DADP: Domain Adaptive Diffusion Policy

¹University of California, Berkeley ²Peking University ³Carnegie Mellon University ⁴Tsinghua University ^*Equal contribution in random order

Abstract

Learning domain adaptive policies that can generalize to unseen transition dynamics, remains a fundamental challenge in learning-based control. Substantial progress has been made through domain representation learning to capture domain-specific information, thus enabling domain-aware decision making. We analyze the process of learning domain representations through dynamical prediction and find that selecting contexts adjacent to the current step causes the learned representations to entangle static domain information with varying dynamical properties. Such mixture can confuse the conditioned policy, thereby constraining zero-shot adaptation.

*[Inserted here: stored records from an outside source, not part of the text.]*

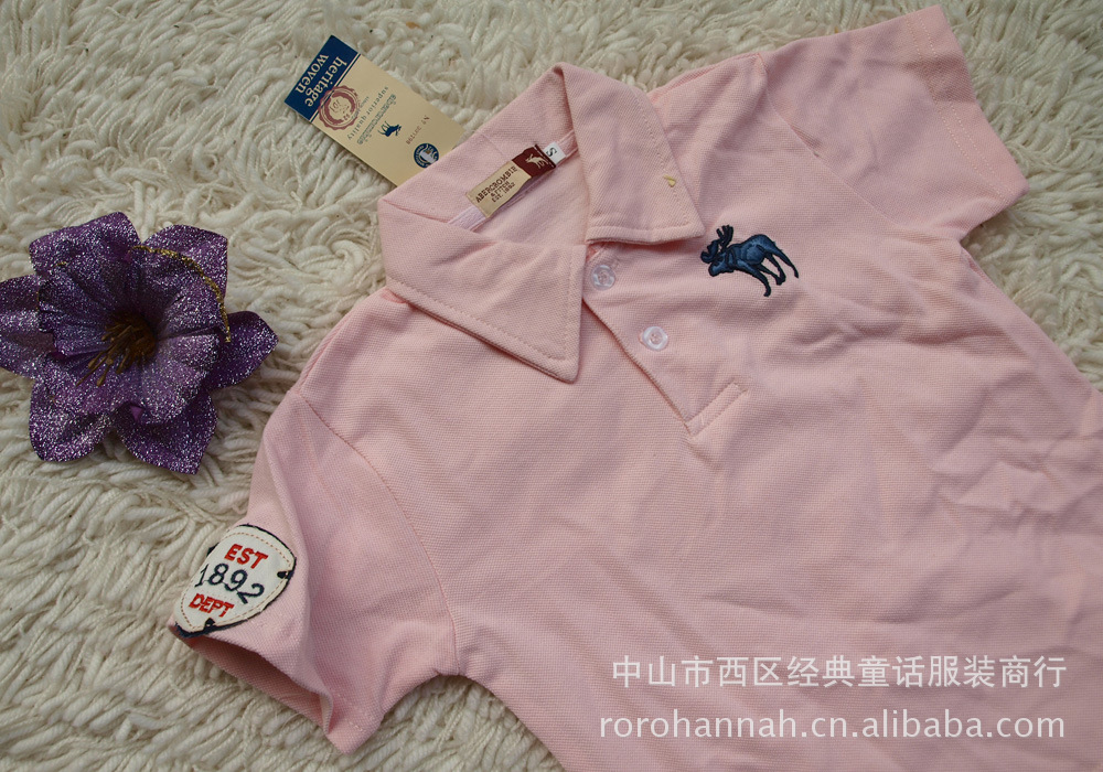 外貿(mào)出口單 品牌衫短袖T恤 翻領(lǐng)T恤 3-8歲男童中童珠地純棉衫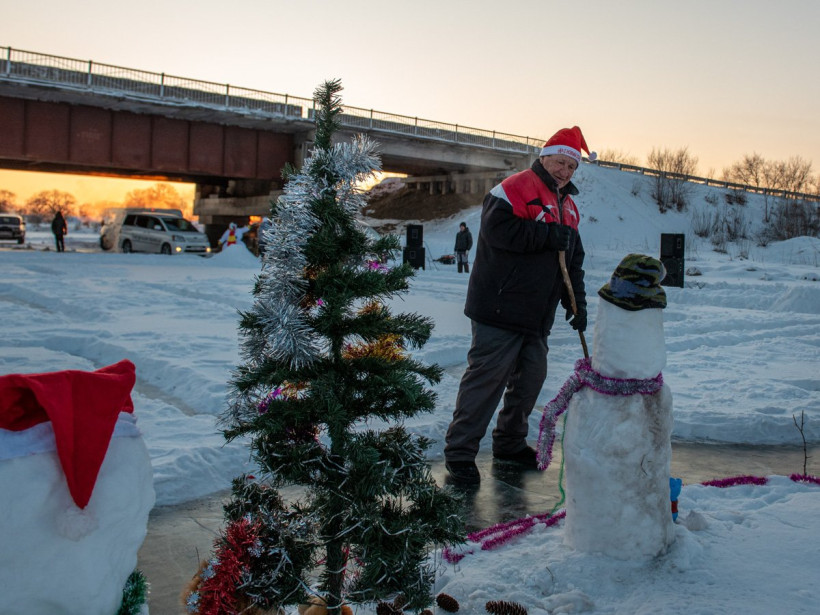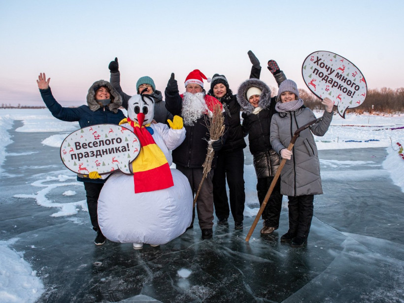 Главным героем новогоднего праздника стал знаменитый дедушка ВалерийНеобычайно холодной выдалась суббота, 21 декабря: минимум -30. Синоптики констатировали: на Благовещенский район опустились аномальные холода. Но испытание морозом прошли самые отзывчивые сердца. Десятки людей приехали из других городов, а жители Маркова привезли на санках детей на реку Хомутину. О небольшом и самом обыкновенном амурском селе в последние годы идет молва, без преувеличения, по всей планете. Потому что здесь живет Дед Валерий — автор уникальной ледовой открытки.
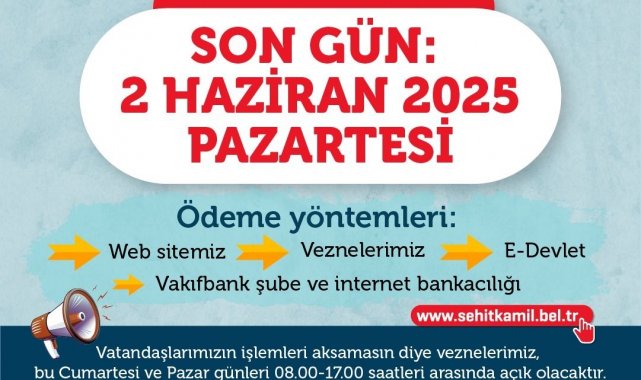 Şehitkamil Belediyesi tarafından yapılan yazılı açıklamada, emlak, ilan ve çevre temizlik vergisi 1. taksit son ödeme tarihinin 02 Haziran Pazartesi olduğu hatırlatıldı. Açıklamada, hafta sonu da belediye veznelerinin açık olacağı belirtilerek, "2025 yılı emlak, arsa ve iş yerlerine ait emlak vergisi, çevre temizlik vergisi, ilan-reklam vergisinin 1. taksitine dair borçların ödemelerinin 02 Haziran 2025 Pazartesi tarihine kadar yapılması gerekmektedir. Mükelleflerimiz ödemelerini; bu tarihe kadar Şehitkamil Belediyesi vezneleri, sehitkamil.bel.tr adresi üzerinden ya da internet bankacılığı üzerinden yapabileceklerdir. Vatandaşlarımızın işlemleri aksamasın diye veznelerimiz bu Cumartesi ve Pazar günleri 09.00 ile 16.00 saatleri arasında açık olacaktır" ifadelerine yer verildi.

To tackle the challenge, we propose DADP (Domain Adaptive Diffusion Policy), which achieves robust adaptation through unsupervised disentanglement and domain-aware diffusion injection. First, we introduce Lagged Context Dynamical Prediction, a strategy that conditions future state estimation on a historical offset context; by increasing this temporal gap, we unsupervisedly disentangle static domain representations by filtering out transient properties. Second, we integrate the learned domain representations directly into the generative process by biasing the prior distribution and reformulating the diffusion target. Extensive experiments on challenging benchmarks across locomotion and manipulation demonstrate the superior performance, and the generalizability of DADP over prior methods.

Methods

Learn Representation by Extracting Static Info

First, we identify an important issue during domain representation learning through dynamical prediction. We find that selecting contexts adjacent to the current step causes the learned representations to entangle static domain information with varying dynamical properties. Such mixture can confuse the conditioned policy, thereby constraining zero-shot adaptation.

To remove disentangle time-varying properties from the unsupervisedly learned representation, we introduce Lagged Context Dynamical Prediction. Specifically, we break the temporal correlation between the context and the current step by introducing a large historical offset $\Delta t \rightarrow \infty$ between the context and the current timestep, preventing time-varying information in the context from assisting dynamical prediction and thereby excluding it from the extracted representation during learning.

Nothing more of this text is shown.